Para os coordenadores da campanha de Dilma, a prioridade é combater a estratégia de serristas de trazer o tema do aborto para o centro do debate político. “Querem explorar a religiosidade do povo brasileiro. Essa questão não está no centro do debate, não está no programa. A posição da candidata é clara, ela não vai precisar ficar repetindo isso todas as vezes. Isso é uma baixaria”, reclamou Marco Aurélio Garcia, coordenador do programa de governo. Os petistas vão repetir que nunca esteve nos programas do PT a defesa da descriminalização do aborto. Recém-incorporado ao bunker petista, Ciro Gomes também criticou o baixo nível a que o segundo turno está se encaminhando.

“O pior é trazer para a luta política brasileira um homem como o Serra, qualificado, preparado, experiente, homem de valor, e o PSDB trazer em socorro de sua debacle eleitoral a calhordice da mistificação religiosa. O Brasil tem uma tradição que o mundo inteiro admira, que é a tolerância religiosa, é o Estado laico”, afirmou em entrevista ao jornal O Estado de S. Paulo na quinta-feira 7. “A mãe da liberdade de imprensa é o Estado republicano laico. Os aiatolás, os talebans e os seus afins não permitem a liberdade de imprensa, não permitem que as mulheres tenham liberdade. É isso que estamos querendo trazer para o Brasil? Por que o PSDB, que nasceu para ajudar a modernidade do País, resolveu agora advogar o Estado teocrático?”
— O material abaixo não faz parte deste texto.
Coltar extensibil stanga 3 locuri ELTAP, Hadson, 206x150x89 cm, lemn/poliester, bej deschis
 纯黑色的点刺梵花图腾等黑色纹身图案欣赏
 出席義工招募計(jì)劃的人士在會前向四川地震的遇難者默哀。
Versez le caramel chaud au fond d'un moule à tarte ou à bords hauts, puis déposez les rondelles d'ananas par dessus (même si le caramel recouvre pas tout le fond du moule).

Enquanto a ala conservadora da Igreja dá suporte ao discurso neoinquisitorial atualmente disseminado no mundo cristão real e virtual, um dado da Pesquisa Nacional de Aborto feita pela Universidade de Brasília salta aos olhos. “A maioria dos abortos foi feita por católicas, seguidas de protestantes e evangélicas, e, finalmente, por mulheres de outras religiões ou sem religião”, descreve o estudo, ao expor a hipocrisia reinante. A antropóloga Débora Diniz, coordenadora da pesquisa, lembra que em um debate sério, tratando-se de um país laico, o aborto deveria ser tratado como uma questão de saúde e direitos humanos – exatamente como o ministro da Saúde, José Gomes Temporão, tem se posicionado.
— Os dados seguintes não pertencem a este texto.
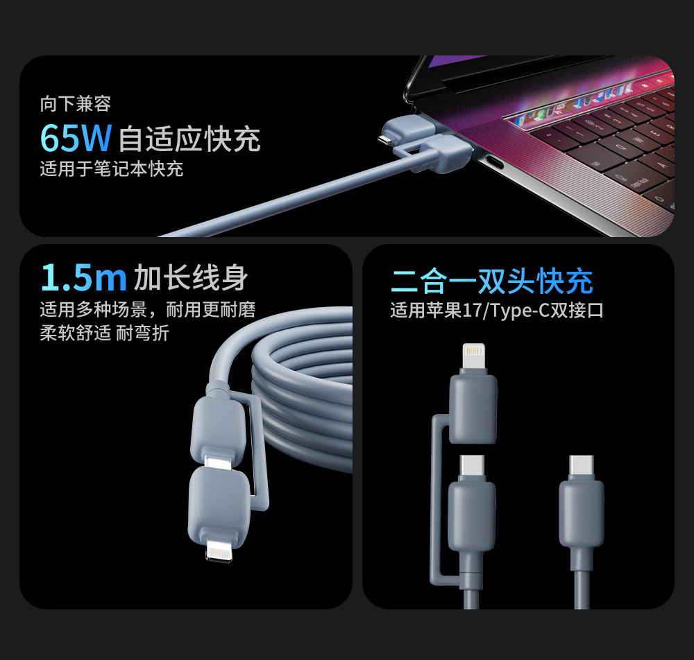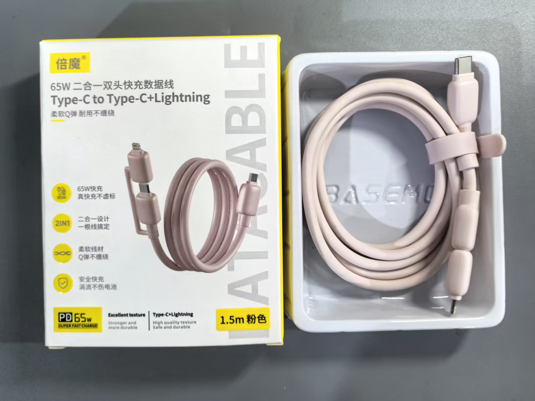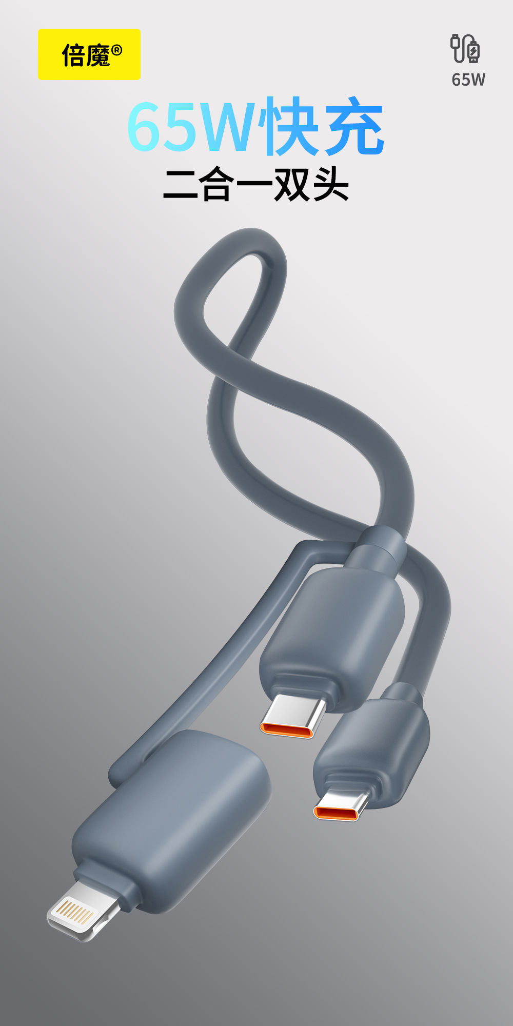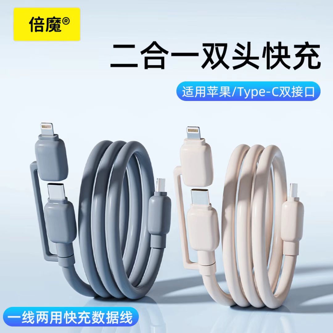 【实力工厂】倍魔65W二合一双头快充数据线适用苹果8-17华为安卓.

“É preciso reconhecer que as mulheres, religiosas ou não, fazem aborto. E, dada nossa lei penal, fazem em condições ilegais e inseguras. Ficam doentes e são internadas para finalizar o aborto. Morrem em situações-limite pelos riscos que experimentam”, alerta a antropóloga, que lamenta que o tema tenha sido colocado no centro das eleições. “O aborto é um dentre os temas que os candidatos à Presidência da República devem discutir e apresentar propostas. Jamais o que determinará as eleições. Infelizmente, foi lançado na campanha como moeda de troca pelo apoio entre comunidades religiosas. Posicionar-se ‘contra o aborto’ passou a ser um passe de confiança na plataforma política do candidato, o que deve ser considerado um absurdo para a democracia.”
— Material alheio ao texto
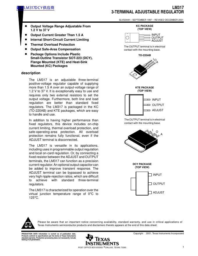 TEXAS INSTRUMENTS LM317 数据手册.pdf
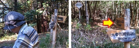下の写真は「今日はここまで」の場所でして、右写真の「矢印」には見ずらいですが「尾張冨士山頂 140m」とあります。

Serra tem razões pessoais para deixar de apelar à condenação do aborto como arma eleitoral. Em 1998, quando ministro da Saúde, foi ele quem assinou a norma que dava orientações sobre como o centro de saúde deveria proceder no atendimento ao aborto para vítimas de violência sexual, previsto na lei. Tecnicamente, o procedimento foi correto, mas Serra foi alvo de condenação pública pela CNBB, que pediu revogação imediata da norma. Para quem sentiu na pele a pressão da Igreja, é no mínimo manifestação de oportunismo recorrer a tais expedientes. Parece, porém, que a questão ética não incomoda o candidato tucano.